Known from the German as the Spitzenkandidat, or lead candidate, system, it was introduced, against leaders’ wishes, for Juncker’s appointment in 2014.
Parliament has passed a resolution that it will withhold its required confirmation from any Commission president who is not a Spitzenkandidat for a party — though that decision will be one for the next legislature elected in EU-wide voting in May 2019.
Juncker himself has thrown the Commission’s weight behind the Spitzenkandidat idea, whose supporters describe it as an enhancement of EU democracy.
But Tusk rejected that argument, saying EU laws aimed for the Commission head to get “double legitimacy” from leaders and parliament — both democratically elected. Limiting the choice for leaders by parliament would reduce democracy, not enhance it, he argued.
There was also no support among the leaders for Juncker’s idea to downsize the Commission, as all 27 members want their own commissioner.
“The ideas presented by Juncker of merging the top jobs and cutting down the Commission are dead. The funeral was at the summit today and it was a silent one,” one EU diplomat said, saying not a single leader spoke in favour of the proposals.
While Parliament is pushing for more power in Brussels as a way of improving the EU’s image as a democratic project, many national leaders insist that they are more representative of people’s wishes than a legislature for which less than half of the electorate bothered to vote.
Many are also concerned that limiting the choice of the influential head of the Commission to those free to campaign for the EU election restricts their ability to nominate, for example, serving heads of government to the post.
Juncker will step down in November next year. The Council should nominate his successor after the May 2019 elections in time for the new Commission president to name a line-up of commissioners to be confirmed by Parliament.
At Friday’s summit, leaders agreed with Parliament’s proposals for reducing its size and reallocating some seats after Britain leaves the Union in March 2019.
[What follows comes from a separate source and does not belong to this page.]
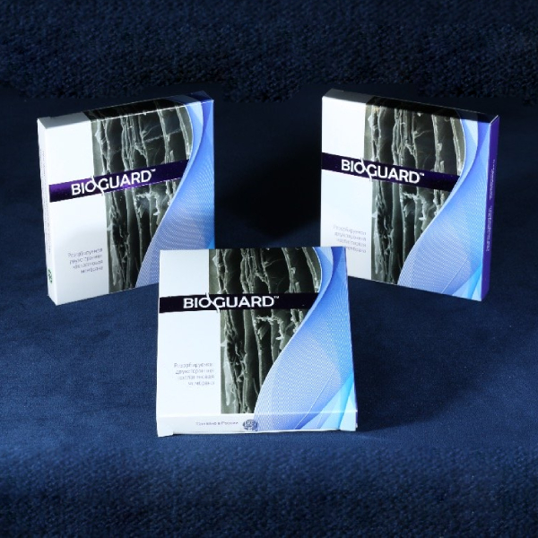 Материал обладает высокой биосовместимостью с мягкими тканями, низкой антигенностью, и не иммуногенен. Это позволяет использовать его в качестве покрытия раневых поверхностей для изоляции от воздействия факторов внешней среды и вероятности вторичного инфицирования. Материал гидрофилен, отлично впитывает кровь и надежно удерживает кровяной сгусток не меняя своей структуры, что положительно сказывается на заживлении и восстановлении мягких тканей даже при невозможности сведения краёв раны или расхождении швов. Защитное покрытие с одной стороны надежно защищает рану от воздействия факторов внешней среды и вероятности вторичного инфицирования. Материал резорбируется в течение нескольких недель. Продукты биодеградации (лизиса) стимулируют заживление раны, значительно увеличивая толщину и качество мягких тканей.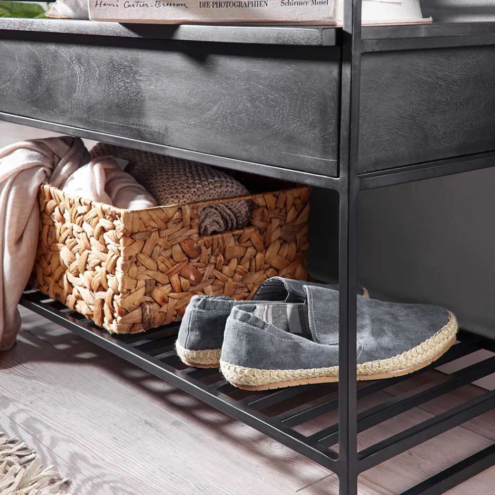 - Aus massivem Mangobaumholz und Metall hergestellt

Leaders also backed an initiative by French President Emmanuel Macron to allocate some British seats to new, pan-European constituencies would not be considered for next year but should be studied for the 2024 elections. Many states are sceptical of the notion of “transnational lists”.
Macron’s proposal to launch “citizens’ consultations” on the future of the EU ahead of the 2019 election was accepted by all leaders except Hungary. Macron will launch that project on April 17 in Strasbourg.